Por P. Fernando Pascual

Aquellos tres jóvenes bajaron al río a tomarse unas fotos. Habían pasado densas nubes, y ahora brillaba un sol magnífico.

Arriba, en la montaña, se había desatado un fuerte aguacero. De repente, el agua del río empezó a subir.

Los jóvenes pensaron que sería algo fugaz. Se mantuvieron dentro de una especie de pequeña isla para tomar más fotos.

Pero el flujo de agua aumentó y los rodeó. Sintieron miedo. Llamaron a emergencias, pues uno no sabía nadar, y los otros dos prefirieron quedarse con él.

Llegaron los bomberos. Intentaron varios sistemas de rescate. Un cable no llegó a los jóvenes. La escalera era insuficiente.

Llamaron a un helicóptero. El caudal había aumentado peligrosamente: ya no era posible escapar a nado.

El helicóptero llegó tarde: la fuerza del río arrastró a los jóvenes, que murieron ahogados o por culpa de los golpes con rocas y maderos.

Una historia así deja un profundo dolor en familiares, amigos, rescatistas, y otras personas más o menos cercanas.

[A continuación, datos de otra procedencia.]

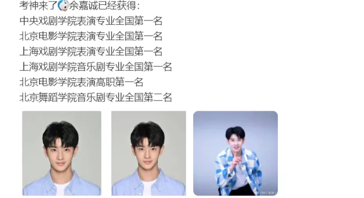 每到“艺考”的时间,网友们就开始关注娱乐圈将高考的明星,他们大部分都会选择走“艺考”的门路,当各校的艺考结果公布后,张新成的干系消息都会登上热搜,克日,网友们发现娱乐圈又出现一位艺考之神,他竟包揽三校演出专业第一名,这位明星究竟是谁呢? (本文全部图片,全部来自网络,感谢原作者,如侵占您的权利,请接洽本号作者删除。图片与内容无关,请勿对号入座) 前不久,官方选择比年来作品数量多,观众熟悉度高的16位男演员和女演员,对他们作品用原声的比例举行统计,当数据发出后,男明星中利用原声最高的是张新成,他拍摄的作品,利用的都是原声。 看到如许的情况后,网友们纷纷表现:不愧是良好的青年演员,当之无愧的艺考之神。信任很多网友都知道,张新成有“艺考之神”的称谓,在2014年,张新成一举拿下五所顶级院校的第一名,共得到9个学校的登科名额。 我们只能用“旱的旱死涝的涝死”来形容,究竟娱乐圈有很多到场艺考的艺人,有的连名额都达不到,而张新成不但拿到名额,终极还以高考结果文化课569分,乐成进入中心戏剧学院音乐剧专业。 近来,网上又出现一位“艺考之神”,这位考生的名字叫“余嘉诚”,是一位素人小哥哥,我们可以看到,余嘉诚得到:中心戏剧学院演出专业天下第一名,北京影戏学院演出专业天下第一名,上海戏剧学院演出专业第一名,上海戏剧学院音乐剧专业天下第一名,北京影戏学院演出职高第一名,北京舞蹈学院音乐剧专业天下第二名。 看到网传的这份结果单,网友们纷纷表现:真的是太锋利了,关键的是,他竟能在三大艺术院校中戏、北电、上戏的演出专业中均取得了第一,也就是说,这位素人小哥哥,除了演技过关外,音乐方面也非常有天赋。 当干系消息传到网络后,网友们立即开始扒这位素人小哥哥的干系消息,看到这位小哥哥的照片,网友们表现:又发现一位眉清目秀的帅哥。 当“余嘉诚艺考三校第一”话题登上热搜,有些网友却表现:照旧等高考结果出来再宣传吧,看到如许的品评,我们只能说:吃不到葡萄说葡萄酸,余嘉诚能得到多个学校的艺考名额,已经证实他非常良好了,而现在他能做简直实是进步本身的结果,让本身顺遂地进去理想院校。 从余嘉诚演出视频上看,他给人一种非常聪明且机灵的感觉,对于如许良好的门生,网友们还好坏常等候的,同时也渴望他能拍摄出更多良好的作品。 余嘉诚的结果绝对是艺考界的韵事,如许的结果,也让更多的网友主动去熟悉他,去相识他,信任通过不停地学习,他的未来肯定会变得更加精彩,去从事本身热爱的古迹。 在娱乐圈有很多学霸,对于学霸,网友们好坏常承认的,好比《长月烬明》正在热播,陈都灵就是妥妥的大学霸。 隔断高考另有2个月的时间,小编渴望各位学子们能取得好结果,各位读者,你们喜欢的明星,本年到场高考吗? |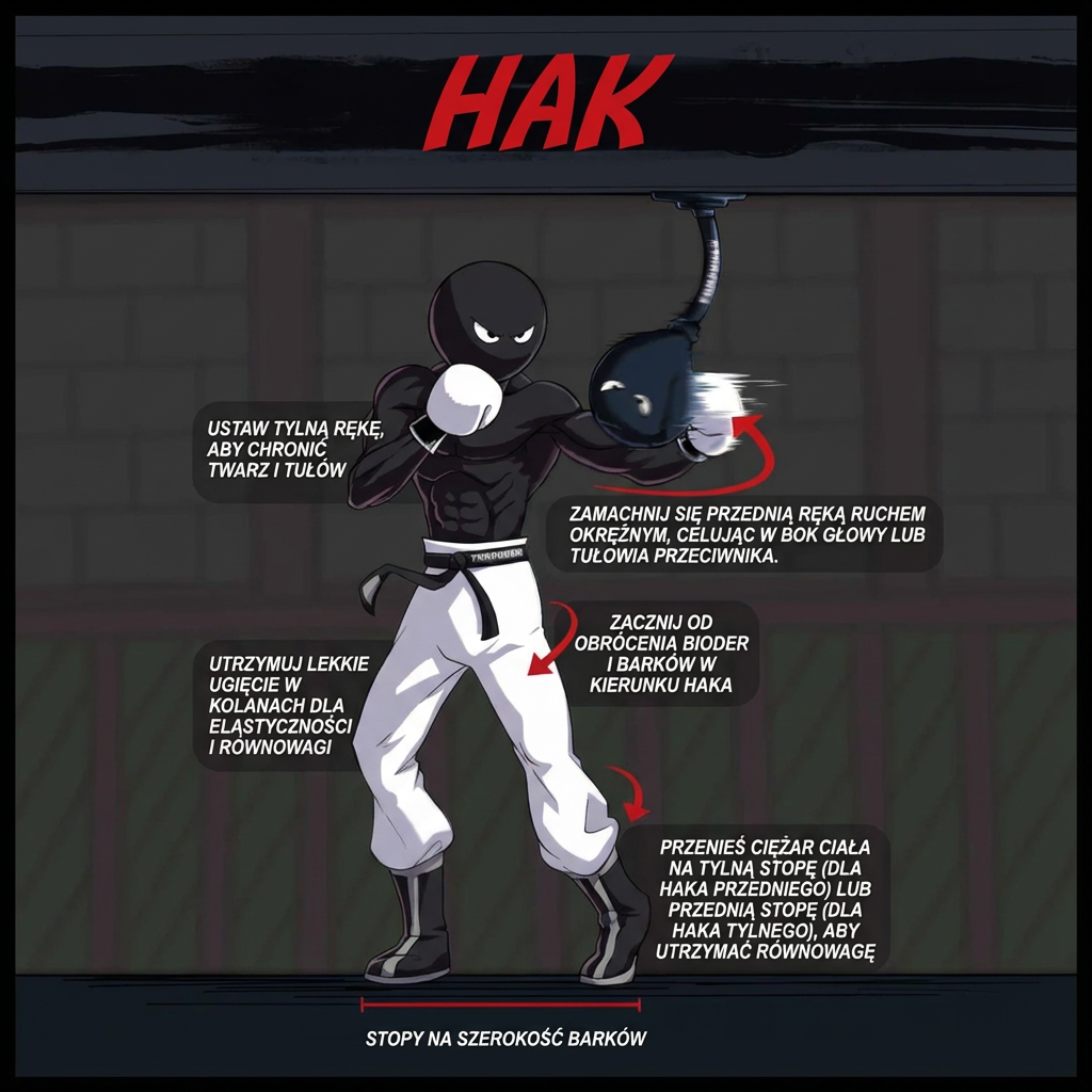 Hak uruchamia całe ciało. To skręt, zamach i uderzenie w jednym — świetny sposób na poprawę równowagi, siły mięśni głębokich i orientacji przestrzennej. A do tego po prostu daje niesamowite uczucie, gdy trafia w cel.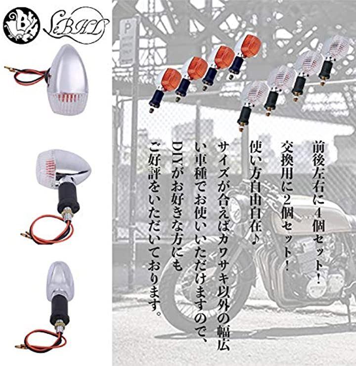 バリオス、エストレヤ、W400、W650などネイキッドでレトロでヴィンテージなカワサキタイプ用ウィンカー前後左右4個セットです。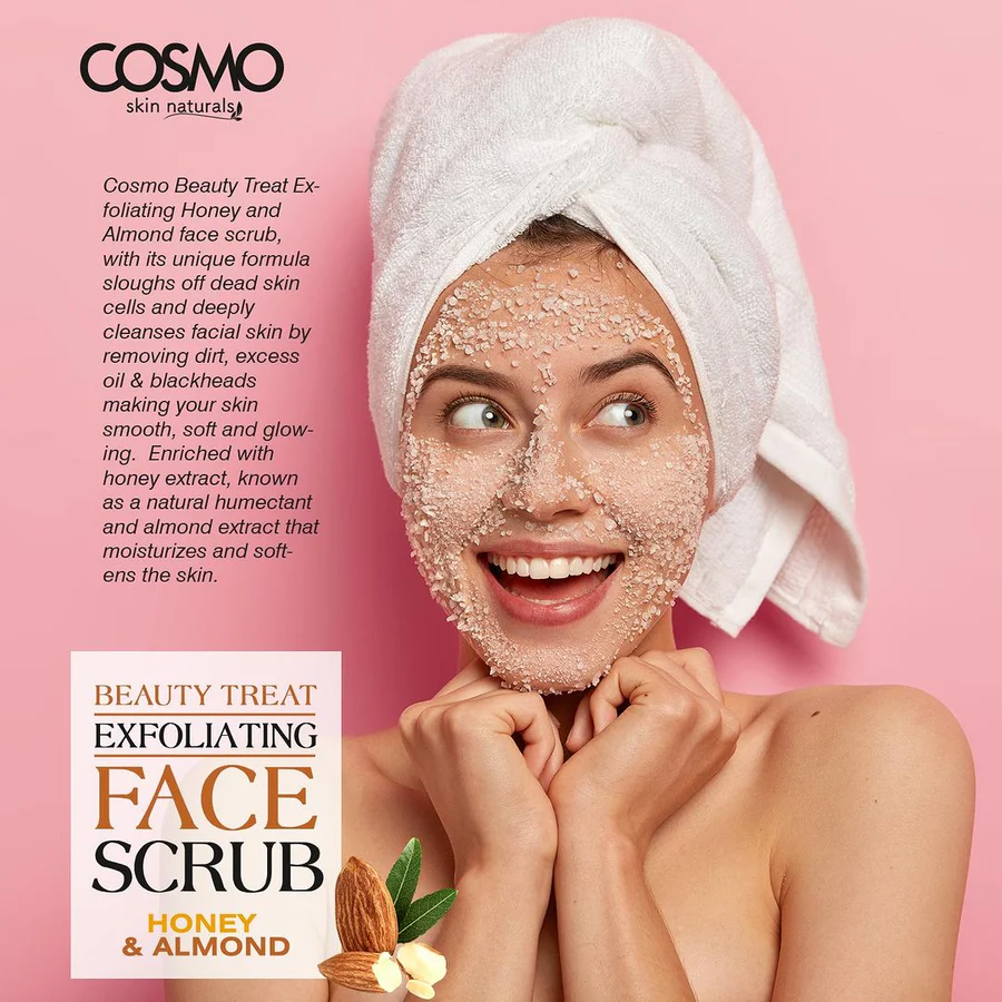 Experience a radiant and smoother complexion with Cosmo Beauty Treat Exfoliating Honey and Almond Face Scrub. This intense formula combines the nourishing properties of honey and the gentle exfoliation of crushed almonds to reveal fresh, glowing skin. The scrub effectively removes dead skin cells, dirt, excess oil, and blackheads without causing irritation. Honey, known for its antiseptic, antioxidant, and antibacterial benefits, helps purify and heal the skin, while almond extract moisturizes and softens. This unique formula leaves your skin feeling clean, nourished, and silky-smooth.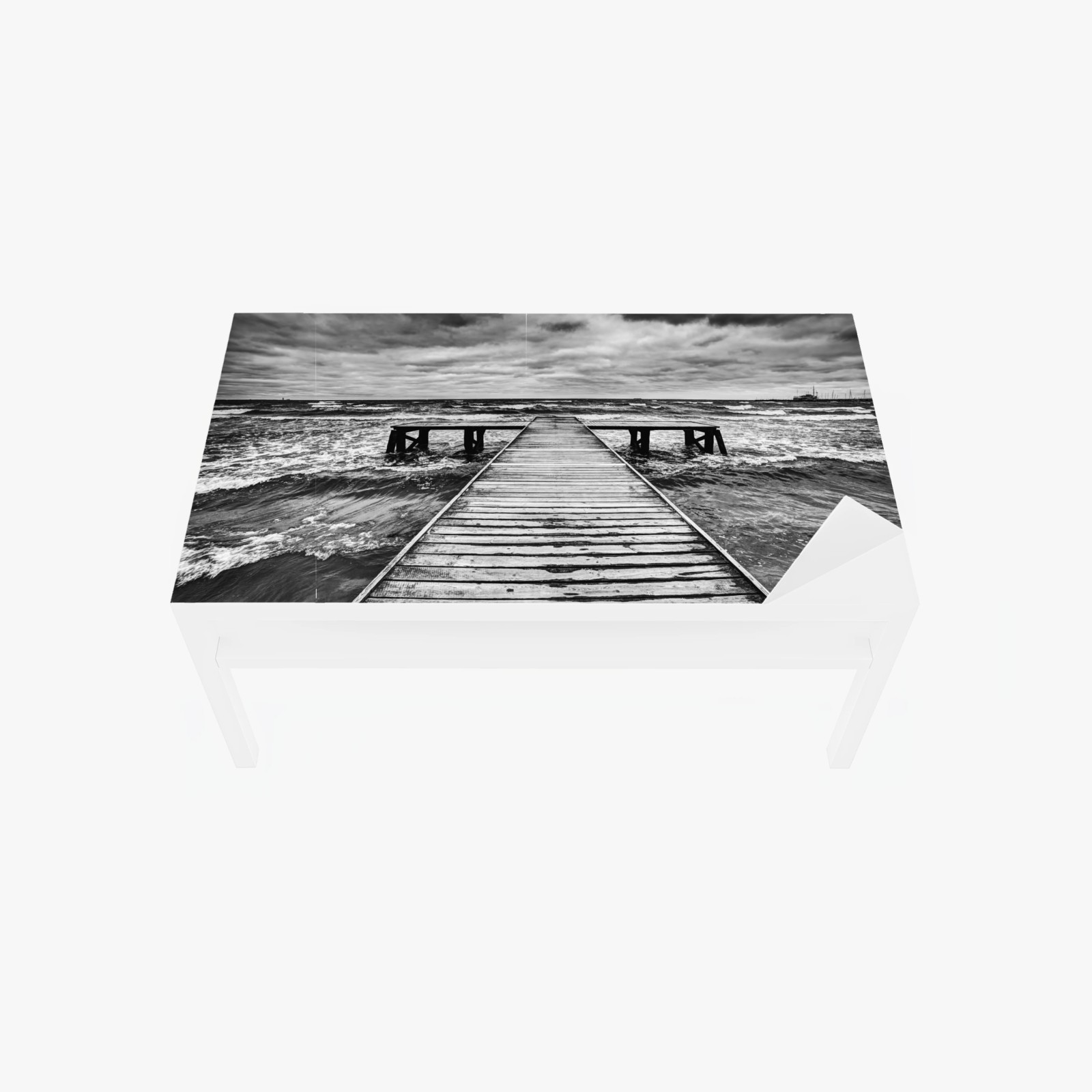 Tischaufkleber und Schreibtischaufkleber Dramatischer schwarzweiß-steg in stürmischer see

Incluso el drama se hace mucho más intenso cuando se constata que habría sido tan fácil evitar esa tragedia: bastaba con que los jóvenes no hubieran entrado en el cauce del río, o hubieran salido apenas vieron que bajaba agua turbia desde la montaña.

Lo mismo se puede decir de los socorristas: si hubieran llegado antes, si el helicóptero hubiera despegado de una base más cercana…

Un momento así invita a la oración, al acompañamiento de los familiares, a la confianza en Dios. También invita a reflexionar sobre los sistemas de intervención ante emergencias: siempre pueden pensarse maneras ágiles y eficaces para situaciones parecidas.

La tragedia ya ha ocurrido. Junto a la pena, hace falta afrontar el duelo y seguir adelante, con un deseo intenso por ayudar a otros en situaciones parecidas, y por acompañar a los muertos en ese momento decisivo de su encuentro con Dios Padre.